Starting at the first line of the material below and stopping after the line that includes "首次登场国际服的高天尊是2费", write the lines out again exactly. Drop any pictures.

====== DATA BLOCK

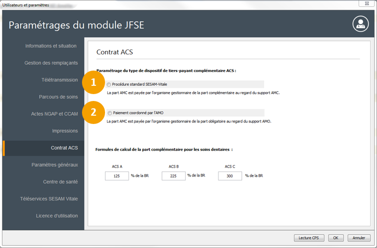 Dès l'élaboration de la feuille de soins, l'option ACS est cochée, et dans la section Bénéficiaire et assuré vous trouvez l'information sur le type de contrat ACS :
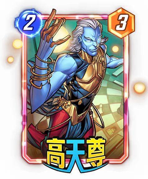 首次登场国际服的高天尊是2费0战力,由此可见当时的设计师认为这张卡完全可以凭借自身的效果弥补他缺少的2费标准的3点战力。但事实是,刚登场的他并没有掀起太大的浪花,或许是因为他需要先将一张卡移动到中间区域,之后才能触发他的效果,又或是打出这张卡时要注意他只能触发区域内另外一张卡的揭示效果。这些限制或多或少的影响了他在一众卡组中找到属于自己的位置。
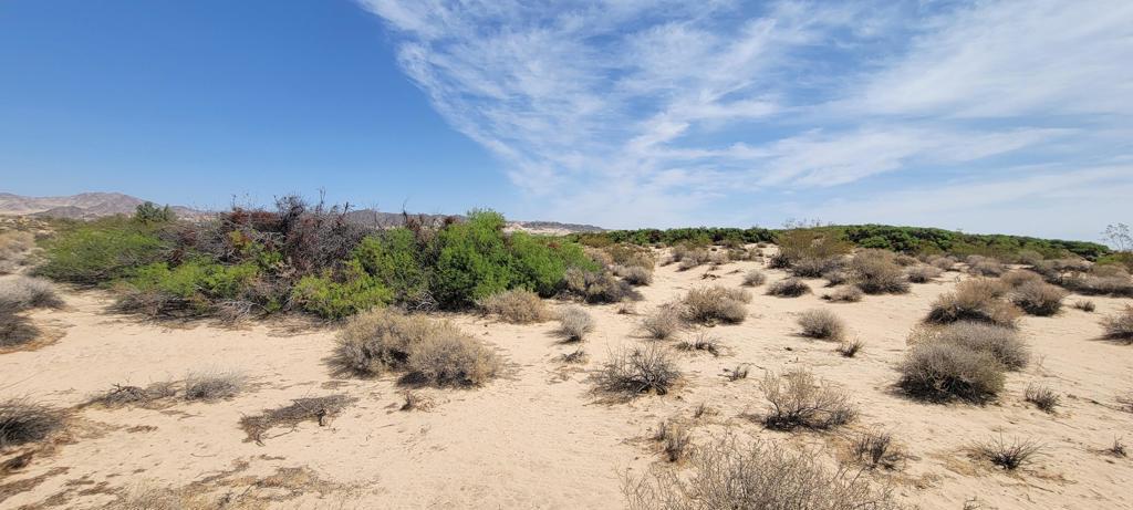 Rare 10 acres with beautiful mesquite fauna, graded pad and power! This hidden pocket neighborhood of East Desert Heights is adorned with small dunes and large green mesquite bushes. Ideal for a designer compound. This private setting is the perfect hideaway. Yet less than 10 minutes to restaurants and a convenience store. More celebrities, artists and musicians are calling 29 Palms home than ever before. Close to the Marine Base and more amenities in downtown 29 Palms. Starry nights. Horse property. Amazing sunsets where the mountains to the east often glow red in the last light of the day. Just 21 miles to the Joshua Tree National Monument's 29 Palms gate. Almost 3 million tourists visited the park annually. Hot vacation rental area. Short drive to the Tortoise Rock Casino, Copper Mtn College, the 29 Palms Theatre, and the ancient oasis of Mara. Picturesque mountain landscapes of the Bullion Mtns, the Sheephole Mtns, the Little San Bernardino Mtns, and snow caps on Mt San Gorgonio. 54 miles to Palm Springs. 147 miles to downtown Los Angeles. For all questions on building and usage call the city planning dept. For all questions on utilities, call the appropriate utilities agencies. Don't Wait - Call Now!! APN: 0634-051-08-0000 Address is assigned.

============

_OUTPUT FOR THIS EXERCISE:_
 Dès l'élaboration de la feuille de soins, l'option ACS est cochée, et dans la section Bénéficiaire et assuré vous trouvez l'information sur le type de contrat ACS :
 首次登场国际服的高天尊是2费0战力,由此可见当时的设计师认为这张卡完全可以凭借自身的效果弥补他缺少的2费标准的3点战力。但事实是,刚登场的他并没有掀起太大的浪花,或许是因为他需要先将一张卡移动到中间区域,之后才能触发他的效果,又或是打出这张卡时要注意他只能触发区域内另外一张卡的揭示效果。这些限制或多或少的影响了他在一众卡组中找到属于自己的位置。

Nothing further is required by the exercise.